Seminars & Colloquia Calendar
A classical mistake and what it tells us. How to do better with an action principle for Hydro and Thermo dynamics
Christian Fronsdal - University of California Los Angeles
Location: Hill 705
Date & time: Thursday, 26 April 2018 at 12:00PM - 1:00PM
Abstract: Rayleigh’s stability analysis of cylindrical Couette flow, of 1889 and 1916, is in contradiction with observation. The analysis is repeated in many textbooks and reviews up to 2017, and its failure to agree with observation is duly noted; more successful approaches have been found, but little was done to discover the weak point of Rayleigh’s argument. This paper identifies the mistake as one that is endemic in the literature. Since the physics of the problem remains poorly understood, a discussion should prove useful.
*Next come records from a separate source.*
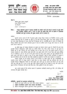 मुस्तफा हुसैन ने मुख्य चुनाव आयोग को लिखे पत्र में अवगत कराया है कि 19 अप्रैल को लोकसभा चुनाव का मतदान सम्पन्न हुआ है। जिसमें मेरे द्वारा सपा प्रत्याशी मौलाना मोहीबुल्लाह नदवी साहब का समर्थन किया गया, जिस कारण मतदान से पूर्व चुनाव में विरोधी पक्ष के लोग लगातार मेरे उपर मानसिक रूप से दबाव डाल रहे थे, कि तुमको भाजपा के पक्ष में मतदान करवाना है, वरना परिणाम अच्छे नही होंगें। अब चुनाव संपन्न होने के बाद उक्त लोग मुझे अनैतिक रूप से धमकियां दे रहें हैं। कह रहे है कि तुमने सपा के पक्ष में मतदान करा कर अच्छा नही किया है, तुमको 4 जून के बाद सबक सिखायेंगें। सूत्रों से मिली जानकारी के अनुसार 4 जून को परिणाम आने के बाद मेरे साथ कोई अनहोनी हो सकती है या मेरी हत्या करवाई जा सकती है।
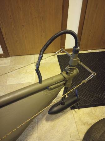 Motorized duck skiff, completely quiet, comes ready to Hunt or fish, it's registered, has forward, reverse, 5 speeds, hand controls, navigation lights, pontoons, battery etc motor, pontoons &...
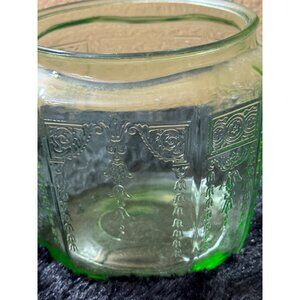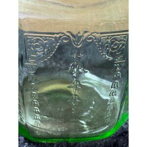 This vintage green depression glass jar features an eye-catching octagonal shape with an intricate embossed design.
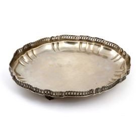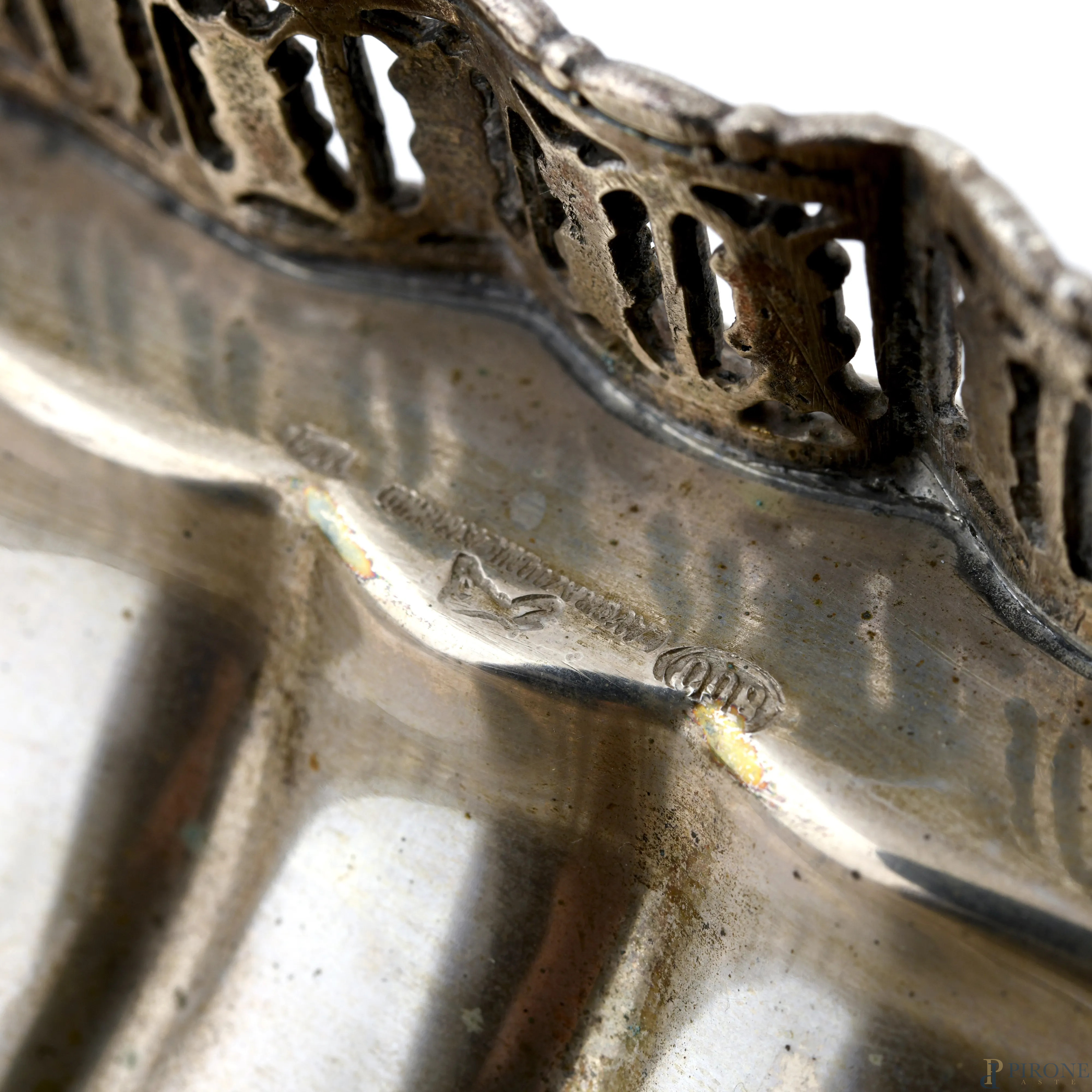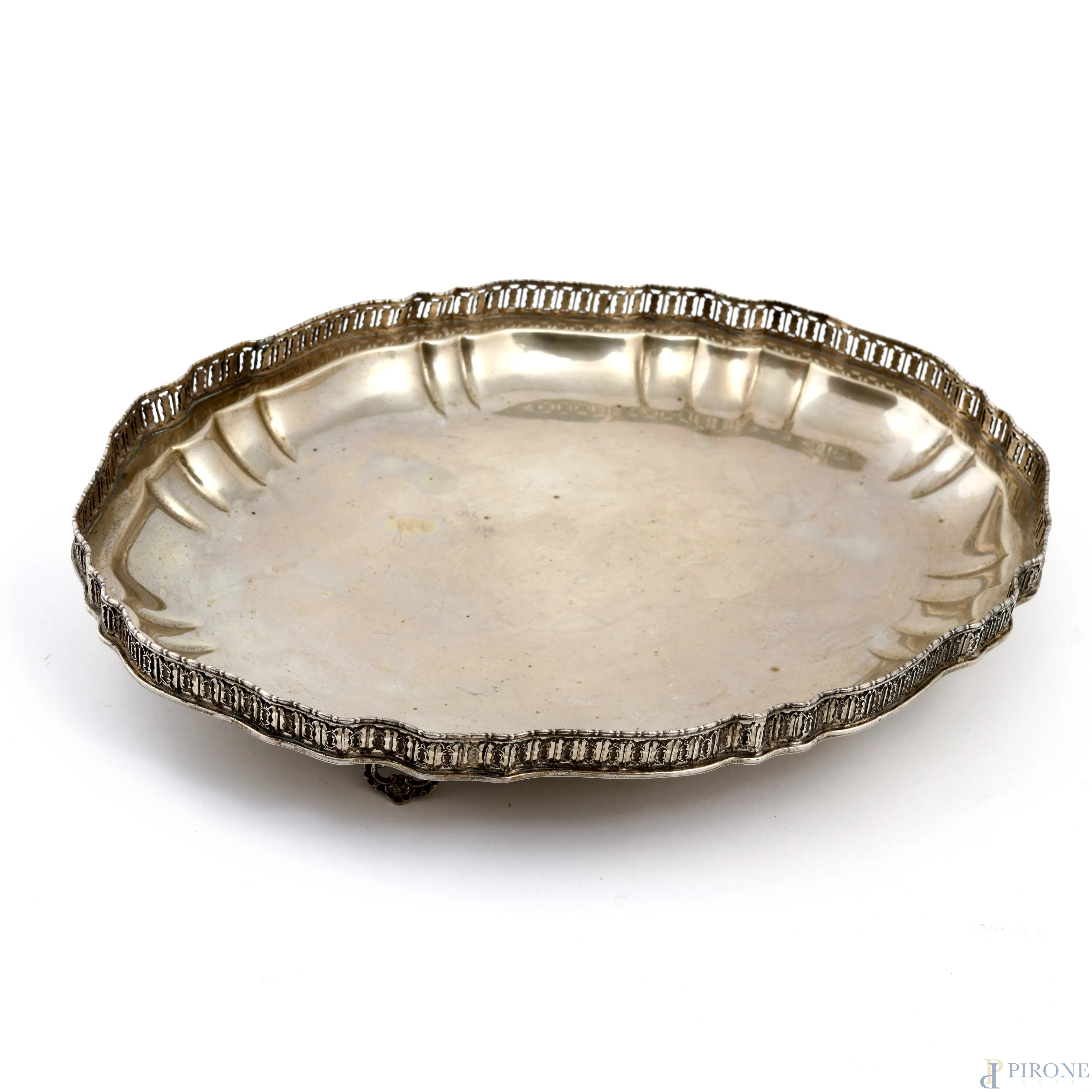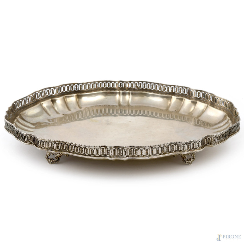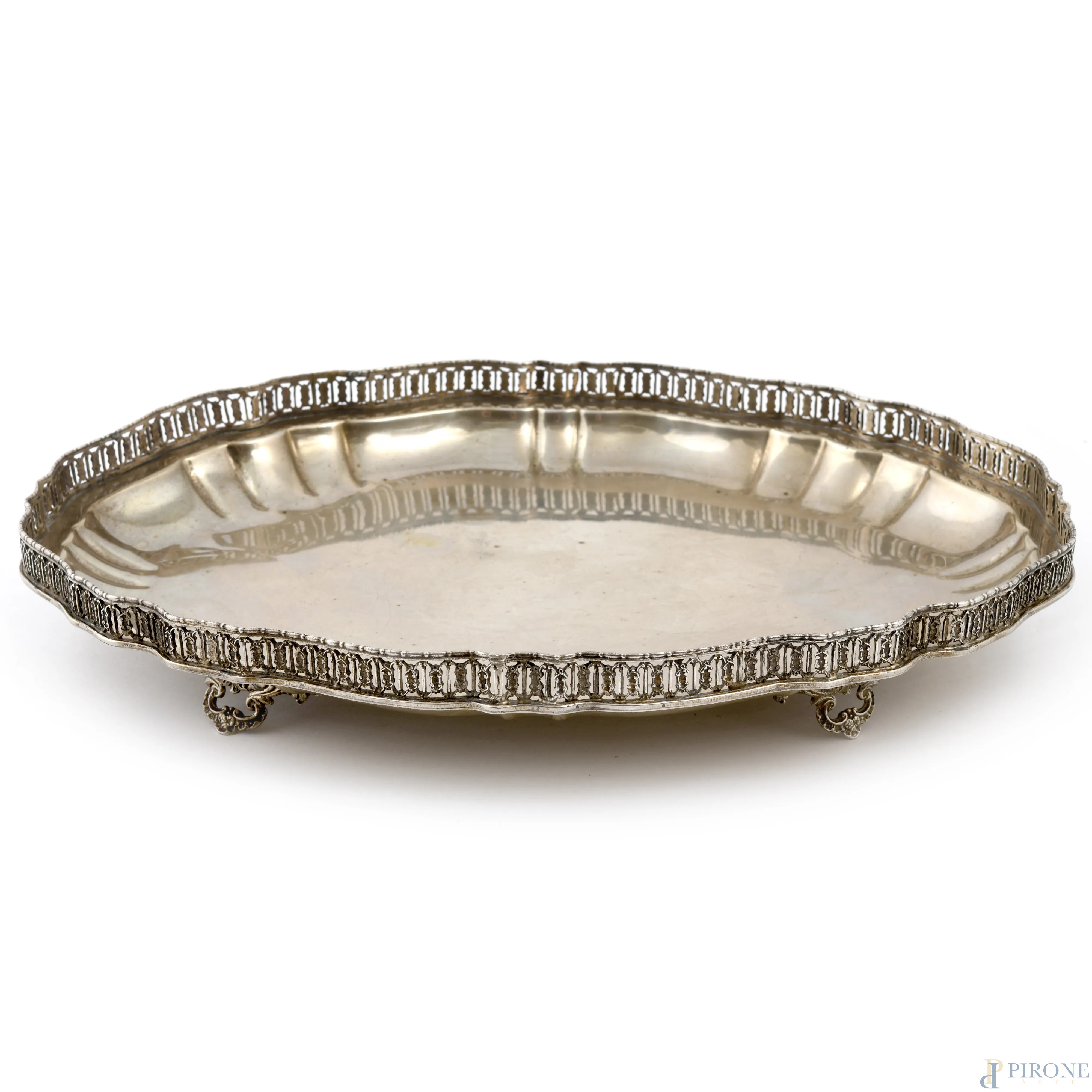 Alzata centrotavola ovale in argento 800/000 lavorato a mano con quattro piedini e lavorazione al bordo, cm 6x36,5x27 peso gr 750
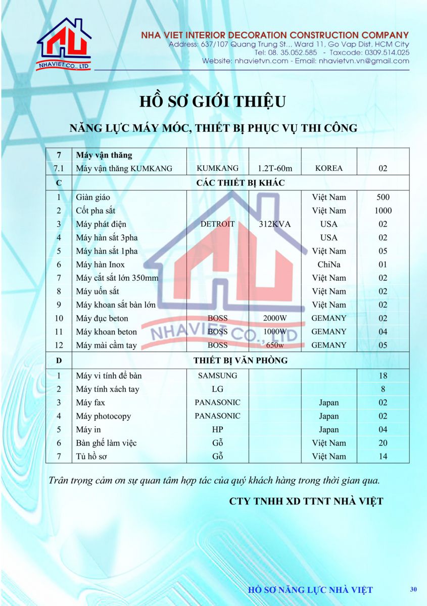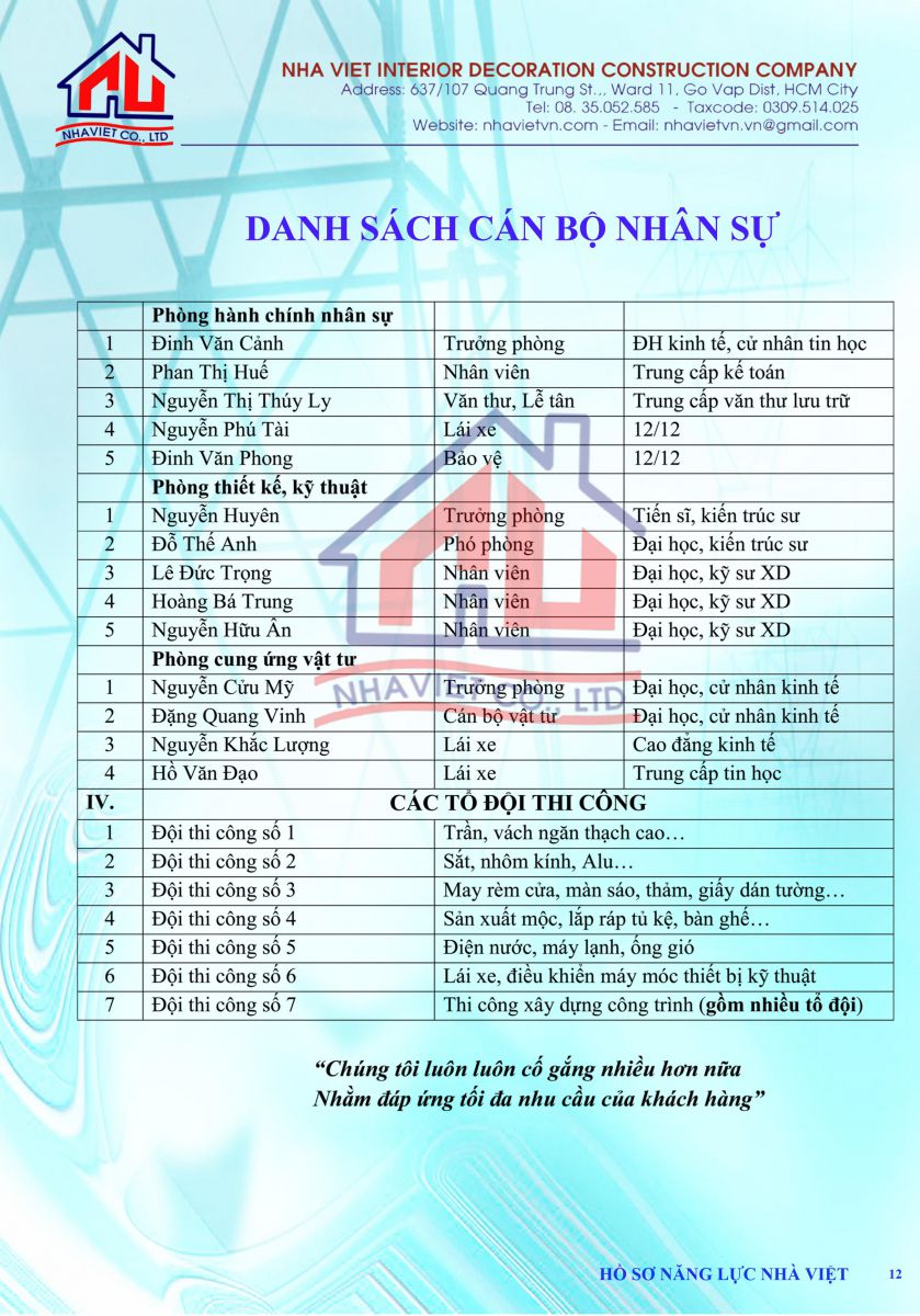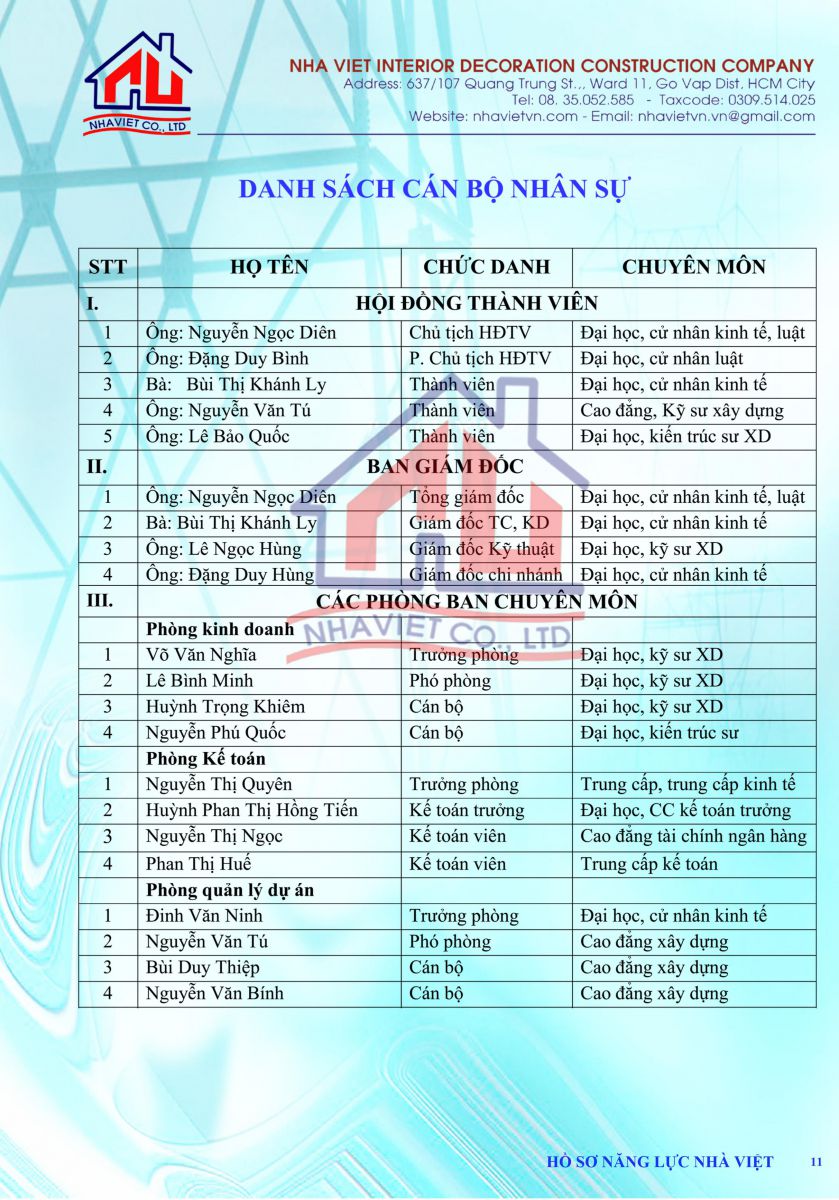 CÔNG TY TNHH XÂY DỰNG TRANG TRÍ NỘI THẤT NHÀ VIỆT được thành lập trên nền tảng kỹ thuật cao. với đội ngũ cán bộ, kỹ sư, kiến trúc sư, công nhân viên lành nghề.

Briefly, the argument depends on the Navier-Stokes equation and on the assumption that a certain expression called “energy density” or “kinetic potential” can be interpreted and used as such. It is shown that the use of any expression for a kinetic potential is in conflict with the Navier-Stokes equation, in all but a very limited context. An alternative analysis of basic Couette flow, based on an Action Principle for compressible fluids, provides a Hamiltonian density as well as a kinetic potential. The two are not the same, even in the simplest cases. With the kinetic potential provided by the action principle, Rayleigh’s stability criterion is a necessary condition for stability, but the action principle applies to compressible flows and a new stability criterion achieves a better agreement with observation. The action is Galilei invariant. Several new experiments are suggested.